Writer Amy Dickinson has found her voice listening to the voices of the women around her.

In her new memoir, The Mighty Queens of Freeville, Dickinson traces her practical sensibility back to Freeville, N.Y. — a town with a population of 458. It's where the author of the syndicated advice column "Ask Amy" grew up, and where she's gone back to be near the women in her family.

"It's one of those little towns that you drive through and you go, 'Oh boy, who lives here?' " says Dickinson, who is also an NPR contributor.

When she's in Freeville, Dickinson has breakfast every Wednesday morning at a diner with all of the women in her life: her mother, her aunts, her sisters and their children when they are in town.

"We see each other virtually every day, and yet we feel the need to get together in a planned schedule," Dickinson tells NPR's Melissa Block. "They can be pretty noisy — there is a lot of interrupting. Everyone gets separate checks, of course, because no one will let anyone pick up the check. The checks are always like $1.10. We always have the same waitress, and we talk over another, we talk about what's going on, we ask a lot of questions, laugh a lot, it's a lot of fun."

And as the youngest, Dickinson has been on the receiving end of advice from all of the women in her family — the women her daughter Emily started calling the "mighty queens."

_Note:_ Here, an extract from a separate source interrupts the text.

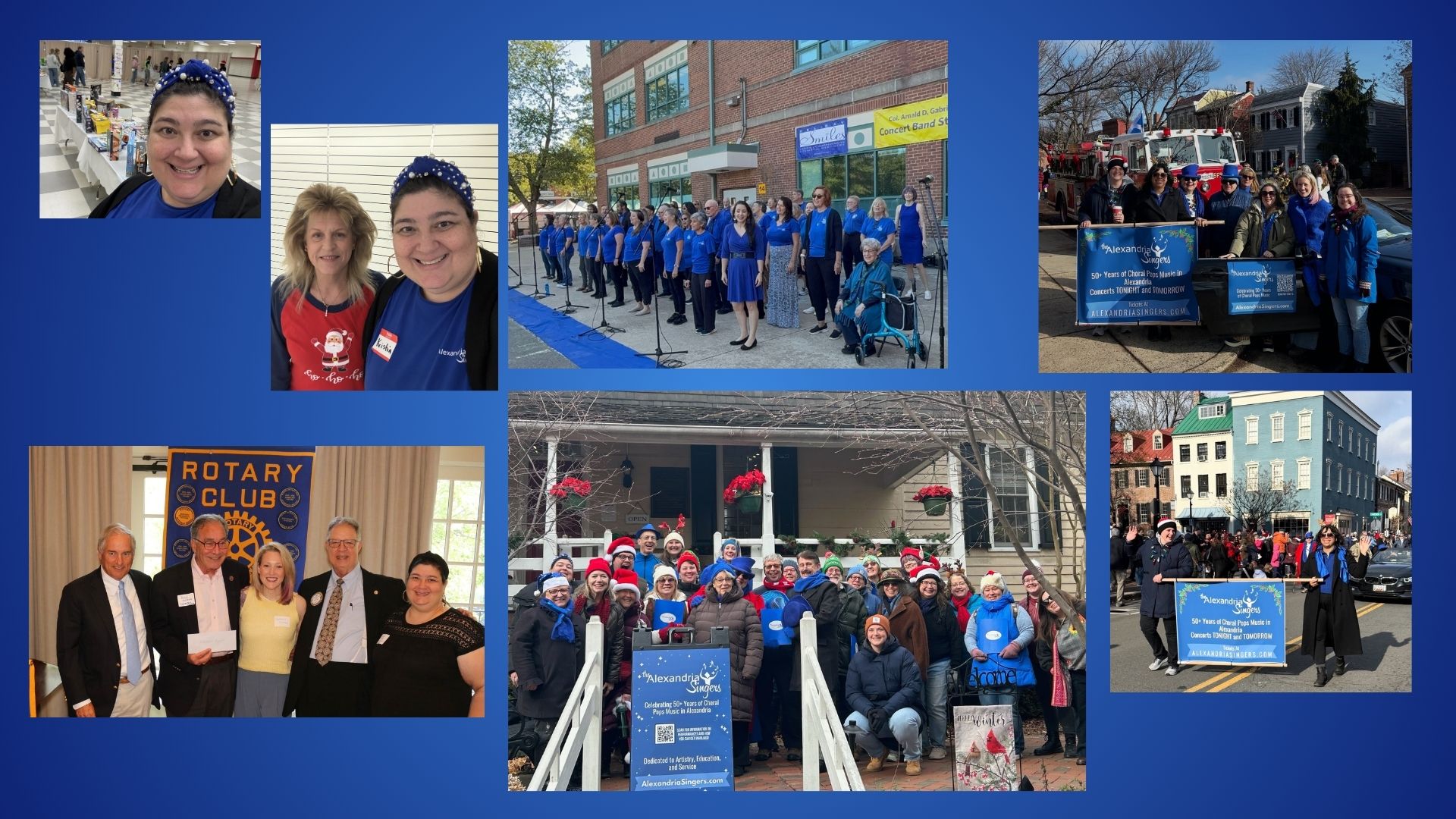 The Alexandria Singers around town: Performing at Art on the Avenue, Volunteering at Volunteer Alexandria Toy Drive, Marching in the Scottish Christmas Walk Parade, Caroling around Old Town, and Receiving our Grant from the Rotary Club of Alexandria.

"In my family, I'm the plankton at the end of the food chain and the advice flows down," Dickinson says.

Dickinson says she particularly learned lessons from her mother, who was a housewife on a dairy farm that was "always on the verge of collapse." She says her mother "excelled at keeping things together."

When Dickinson's father left the family, her mother got a job as a typist at Cornell University's engineering school — her first office job.

"She would come home at night and she would walk in and go lie down on her bed in her coat and put her purse sort of on top of her," Dickinson says. "Just thinking about it, it's the essence of weariness."

Dickinson tells what she calls "the most amazing story" about how one day the deans called her mother into a meeting and said they thought she should go through college and they would help her. At 48 years old, Dickinson's mother went to school to get her undergraduate degree. She went on to get a master's degree in fine arts and then taught at Cornell.

After Dickinson's father left, her mother "simply prevailed," Dickinson writes.

"There's a lot of prevailing in my family. When I think about what's going on right now in the economy, we live in a cynical age, but we really need one another right now," Dickinson says. "We need to remember or learn to just keep going. That's something the women in my life really excelled at. They just prevailed."